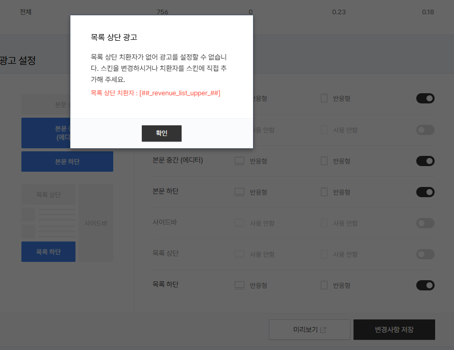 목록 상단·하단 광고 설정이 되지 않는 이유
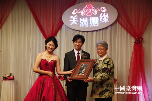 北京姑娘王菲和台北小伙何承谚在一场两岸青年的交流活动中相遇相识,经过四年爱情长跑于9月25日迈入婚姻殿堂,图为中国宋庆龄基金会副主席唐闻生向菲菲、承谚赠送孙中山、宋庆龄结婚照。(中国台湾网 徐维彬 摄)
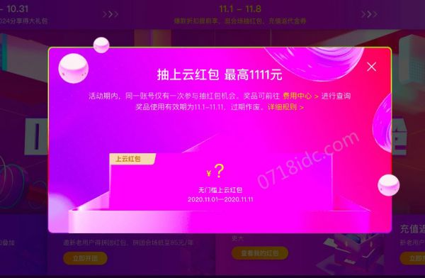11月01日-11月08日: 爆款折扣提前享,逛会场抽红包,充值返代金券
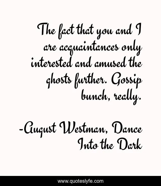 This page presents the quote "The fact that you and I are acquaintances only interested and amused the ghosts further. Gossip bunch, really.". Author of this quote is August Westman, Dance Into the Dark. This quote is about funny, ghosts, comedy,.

...

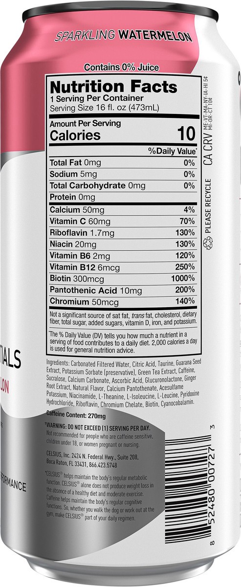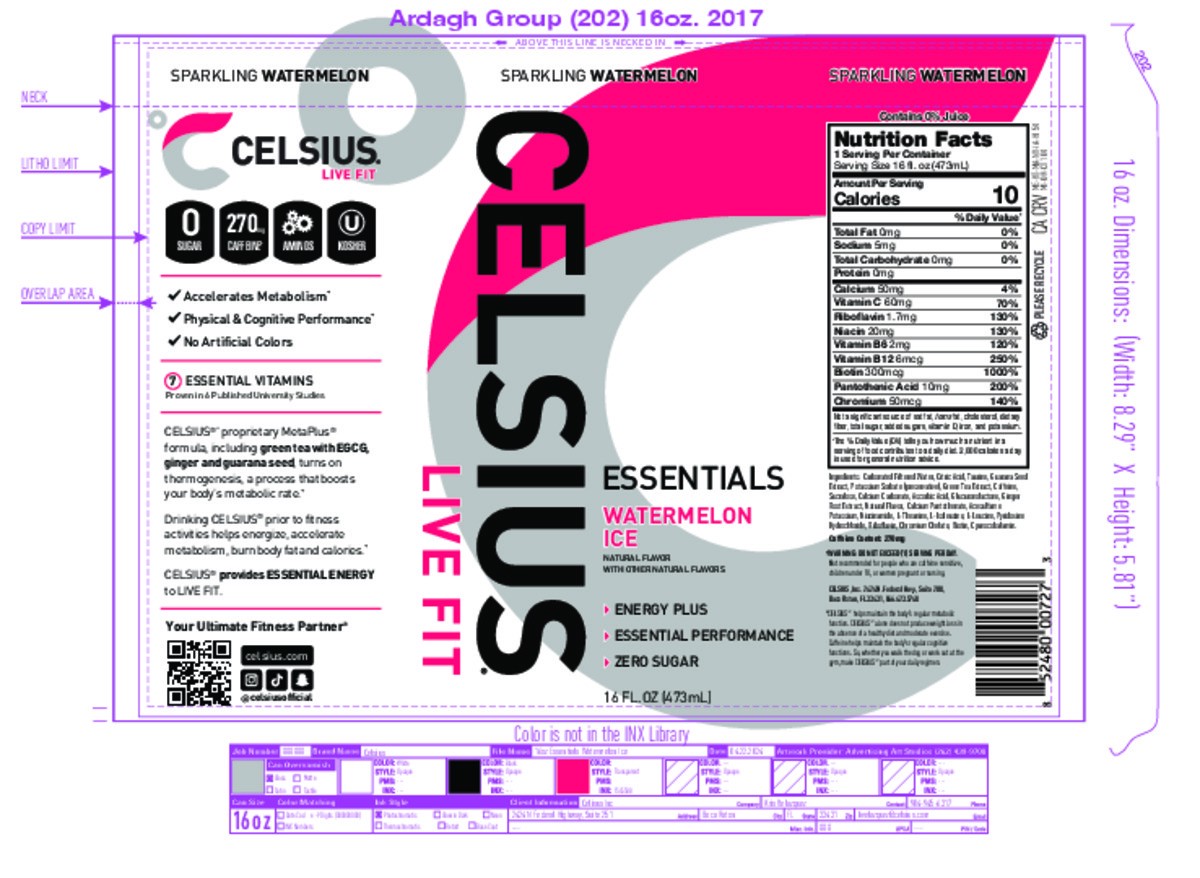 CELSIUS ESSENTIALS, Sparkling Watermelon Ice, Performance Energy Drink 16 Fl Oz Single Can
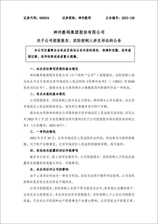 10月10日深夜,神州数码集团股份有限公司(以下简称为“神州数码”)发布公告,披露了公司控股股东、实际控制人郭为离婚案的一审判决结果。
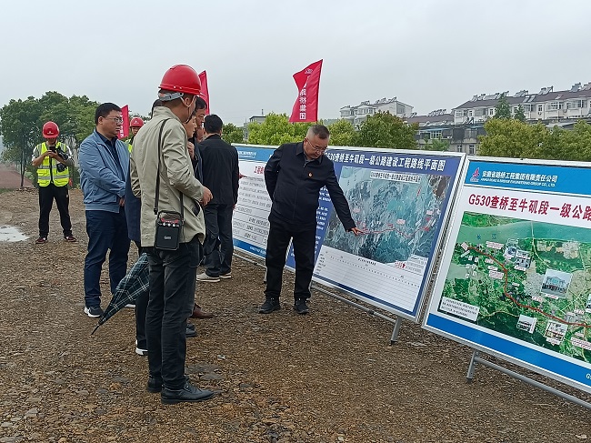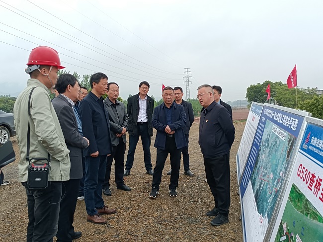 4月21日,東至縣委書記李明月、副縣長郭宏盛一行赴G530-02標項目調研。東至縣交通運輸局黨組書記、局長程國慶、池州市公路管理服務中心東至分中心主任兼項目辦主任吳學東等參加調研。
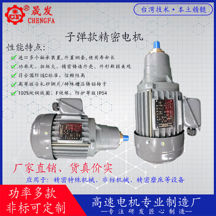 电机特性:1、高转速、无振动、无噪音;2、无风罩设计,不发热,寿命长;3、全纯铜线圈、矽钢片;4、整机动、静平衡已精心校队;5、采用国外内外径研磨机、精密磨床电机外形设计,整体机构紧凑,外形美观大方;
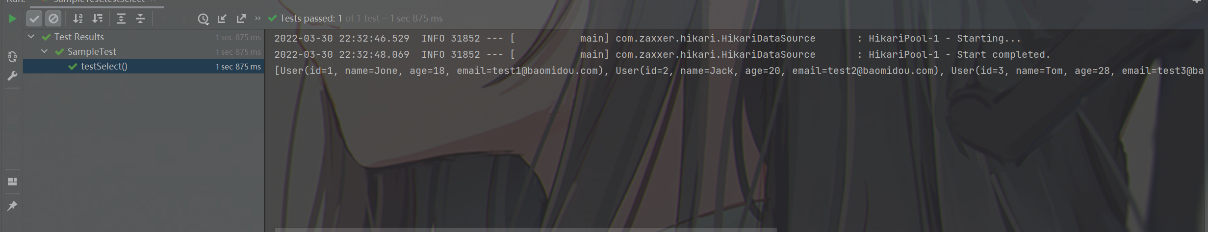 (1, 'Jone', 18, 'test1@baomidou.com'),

...

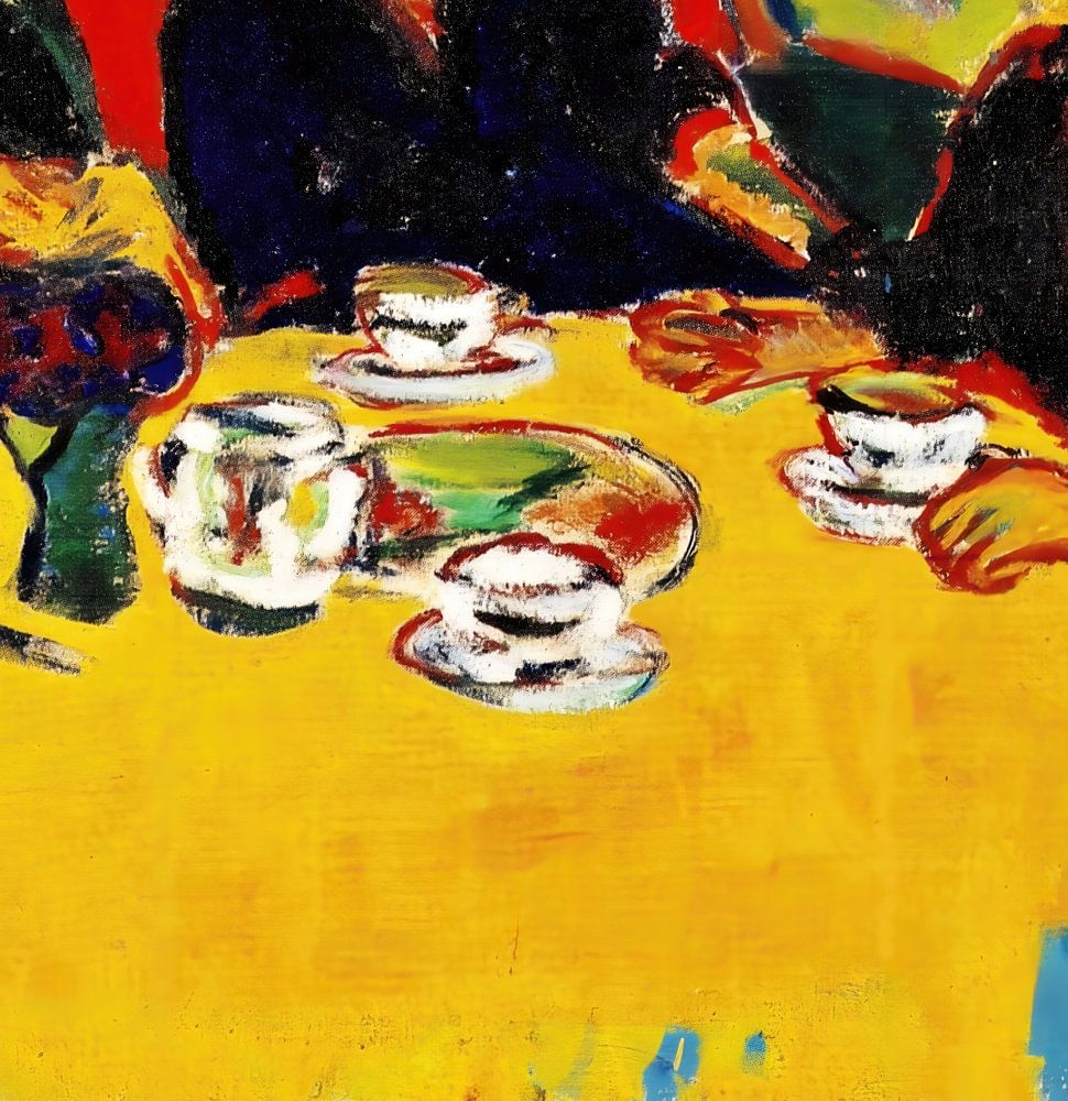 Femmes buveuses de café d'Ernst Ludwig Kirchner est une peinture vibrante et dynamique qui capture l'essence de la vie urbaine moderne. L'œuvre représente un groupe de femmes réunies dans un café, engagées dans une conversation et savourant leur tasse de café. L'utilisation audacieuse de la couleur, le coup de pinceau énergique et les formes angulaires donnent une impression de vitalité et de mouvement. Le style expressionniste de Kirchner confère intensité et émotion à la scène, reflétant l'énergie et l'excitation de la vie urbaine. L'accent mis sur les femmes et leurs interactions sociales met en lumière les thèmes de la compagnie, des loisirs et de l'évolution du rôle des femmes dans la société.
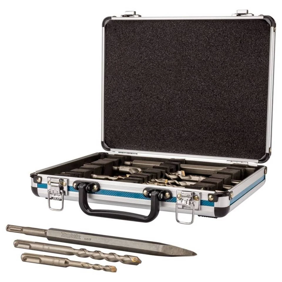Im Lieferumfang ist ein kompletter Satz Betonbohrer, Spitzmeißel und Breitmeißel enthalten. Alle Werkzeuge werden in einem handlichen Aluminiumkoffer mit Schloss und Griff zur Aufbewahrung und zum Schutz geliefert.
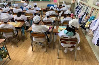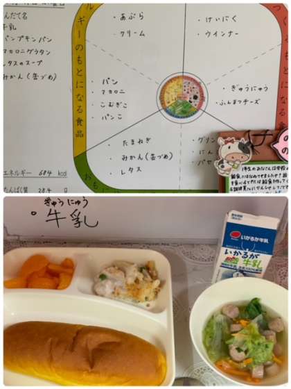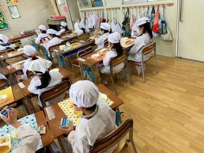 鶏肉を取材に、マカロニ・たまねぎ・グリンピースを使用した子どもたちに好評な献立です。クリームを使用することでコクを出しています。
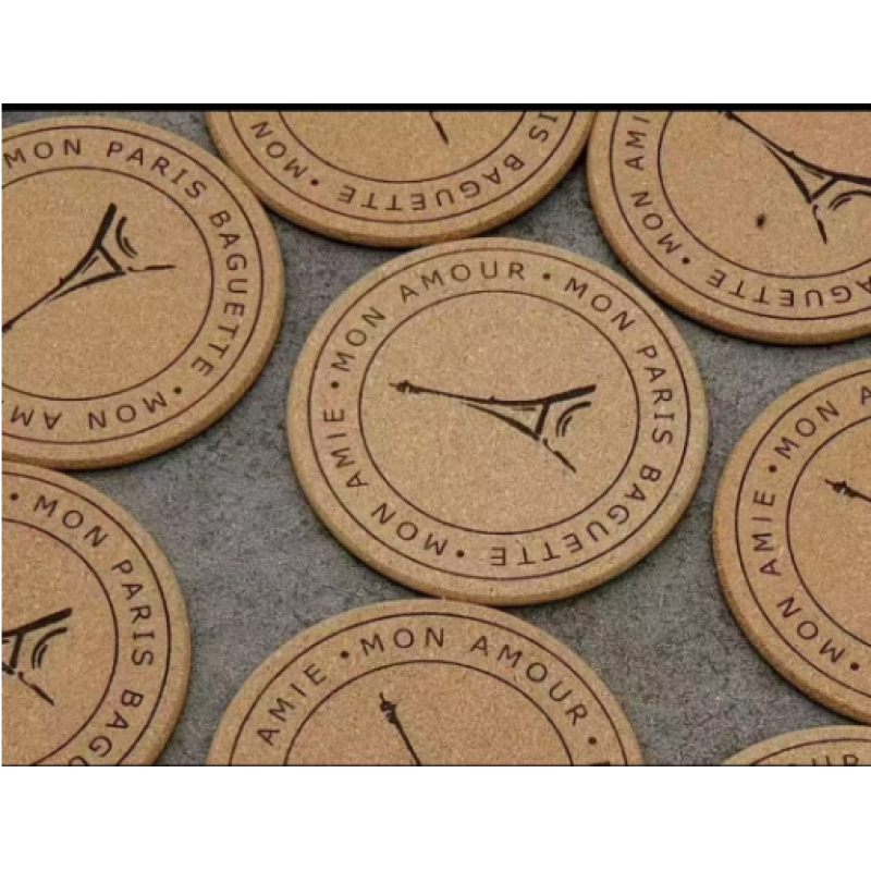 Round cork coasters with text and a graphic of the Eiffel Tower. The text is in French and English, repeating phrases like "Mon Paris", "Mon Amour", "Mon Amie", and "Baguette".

» Work instructions: With the pictures removed, print only the lines starting at the line that has "목록 상단·하단 광고 설정이 되지 않는 이유" and ending at the line that has "This page presents", both ends included, exactly as they stand above.

» Exercise solution:
 목록 상단·하단 광고 설정이 되지 않는 이유
 北京姑娘王菲和台北小伙何承谚在一场两岸青年的交流活动中相遇相识,经过四年爱情长跑于9月25日迈入婚姻殿堂,图为中国宋庆龄基金会副主席唐闻生向菲菲、承谚赠送孙中山、宋庆龄结婚照。(中国台湾网 徐维彬 摄)
11月01日-11月08日: 爆款折扣提前享,逛会场抽红包,充值返代金券
 This page presents the quote "The fact that you and I are acquaintances only interested and amused the ghosts further. Gossip bunch, really.". Author of this quote is August Westman, Dance Into the Dark. This quote is about funny, ghosts, comedy,.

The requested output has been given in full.